Леля(читает первую записку). «Правда ли, что вы считаете себя гениальной артисткой?» — Правда. (Вторую читает) «Вы уезжаете за границу. На сколько времени?» — На один месяц я уезжаю. «Эта пьеса, которую нам показали, — „Гамлет“ — очевидно, писалась для интеллигенции. Рабочий зритель ничего в ней не понимает, это иностранщина и дела давно минувших дней. Зачем ее показывать?» «Гамлет» лучшее из того, что было создано в искусстве прошлого. Так я считаю. По всей вероятности, никогда русским зрителям «Гамлета» показывать не будут. Я решила показать его нашей стране в последний раз. (Перебирает записки) Так. Дальше читаем: «Выиграете Гамлета — т. е. мужчину. А по ногам видно, что вы женщина». — Судя по тонкому пониманию искусства, писал фабкор…
Орловский звонит.
«Вы знаменитая артистка, хорошо зарабатываете. Чего еще вам не хватает? Почему же на фотографиях у вас такое беспокойное выражение глаз?» — Потому что мне очень трудно быть гражданкой нового мира.
Орловский звонит.
В чем дело? Я что-нибудь сказала плохое?
Орловский(к публике).

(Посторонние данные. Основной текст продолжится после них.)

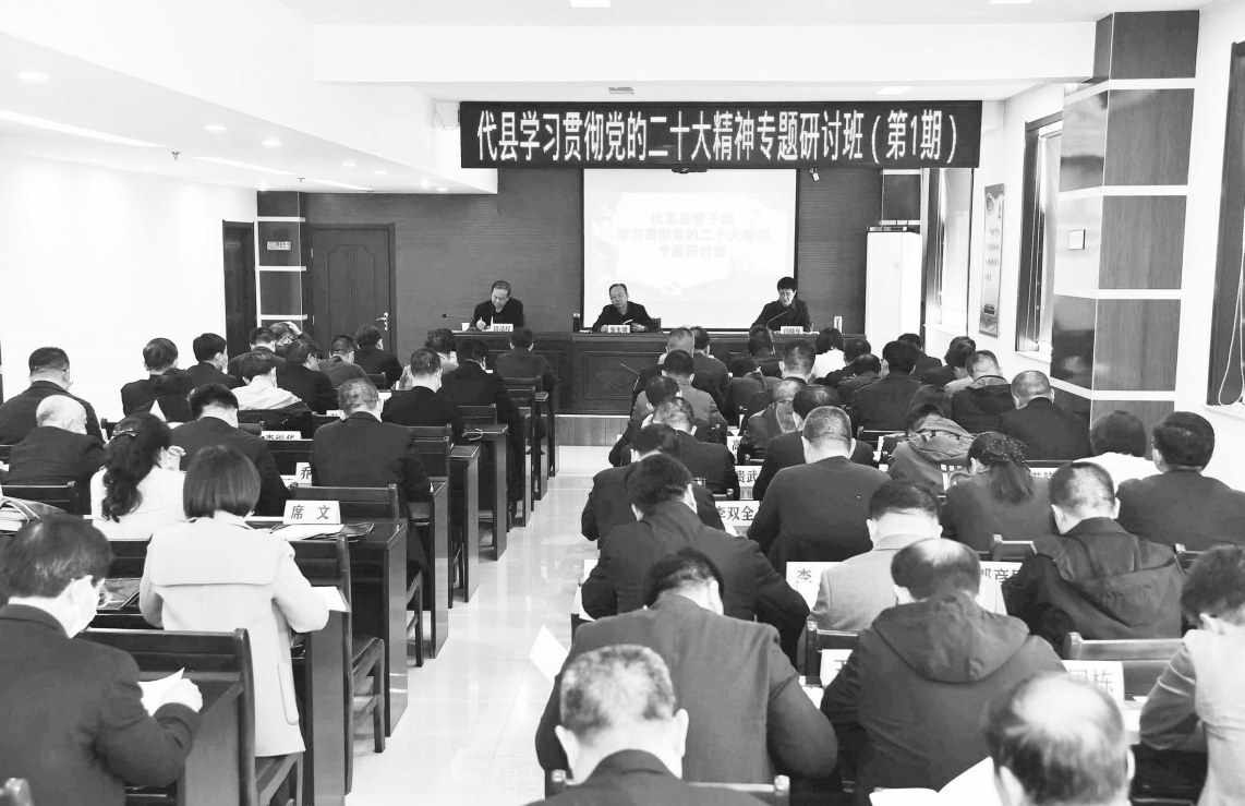 张生明指出,学习好、宣传好、贯彻好党的二十大精神是我们当前和今后一个时期的首要政治任务。要深入把握党的二十大精神的核心要义,深入把握习近平新时代中国特色社会主义思想的理论体系,笃信笃行、凝心铸魂;深入把握中国特色社会主义新时代取得的辉煌成就,捍卫“两个确立”、做到“两个维护”;深入把握党的二十大擘画的宏伟蓝图和重点任务,积极进取、矢志奋斗;深入把握全面从严治党的重大意义,心存敬畏之心、严守法纪底线;紧紧围绕全县改革发展稳定的重大问题、人民群众反映强烈的突出问题、党的建设面临的紧迫问题“学思践悟、精准把握”,联系县情实际、思想实际、工作实际、发展实际,不断从党的二十大精神中汲取养分,找准推进代县高质量发展的着力点和突破口,真正把眼下的事情办好,把代县的事业发展好,交出绝对忠诚的“政治答卷”。

Товарищ Гончарова выражается в духе тех монологов, которые только что декламировала, когда играла Гамлета. (К Леле.) Отвечайте проще.
Леля(читает). «Теперь много говорят о коллективизации творчества[208]. Что выдумаете по этому поводу, ответьте». Отвечаю просто: коллективизация творчества — это чепуха.
Орловский звонит.
Каждую мою фразу вы сопровождаете звоном колокольчика. Можно подумать, что мои фразы похожи на овец. Разве я блею?

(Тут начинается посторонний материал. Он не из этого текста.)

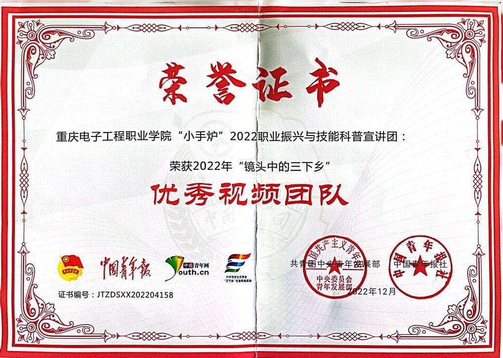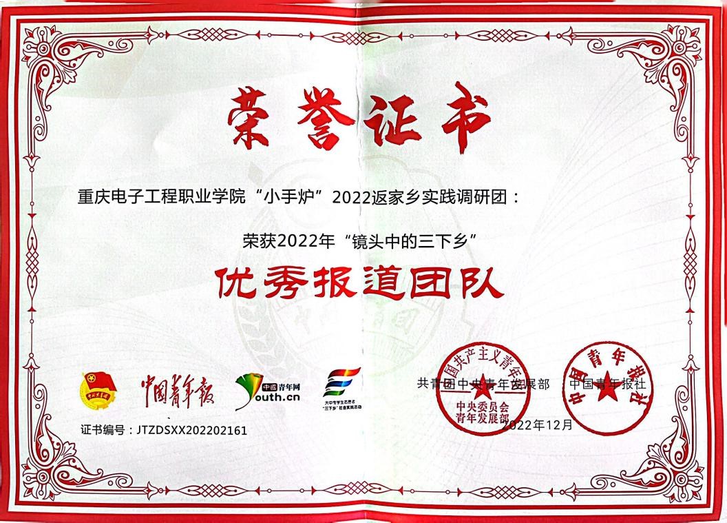 “返家乡”积累光辉硕果,截止2022年12月,团队已形成32篇调研报告在内共203篇约30万字的纪实性文字材料,累计被学习强国、创青春官微、中国青年网、重庆共青团、新华网等报道203余次,其中中国青年网报道154次。2022全年,“小手炉”实践调研团队获得全国大中专员工志愿者暑期“三下乡”社会实践“镜头中的三下乡”“优秀报道团队”、“优秀摄影团队”、“优秀视频团队”、“优秀指导教师”、“优秀通讯员”以及重庆市“三下乡”社会实践活动“优秀团队”等多项荣誉。

Орловский. Продолжайте, пожалуйста.
Леля. «Что вы будете делать за границей?» — Ну что ж… по специальности… ходить в театры, знакомиться с артистами… смотреть знаменитые кинофильмы, которых мы никогда не увидим здесь.
Орловский(звонит). Товарищ Гончарова слишком высокого мнения об иностранной кинопродукции. Наши фильмы, как, например, «Броненосец „Потемкин“», «Турксиб», «Потомок Чингис-хана»[209], завоевали себе полное признание в Европе.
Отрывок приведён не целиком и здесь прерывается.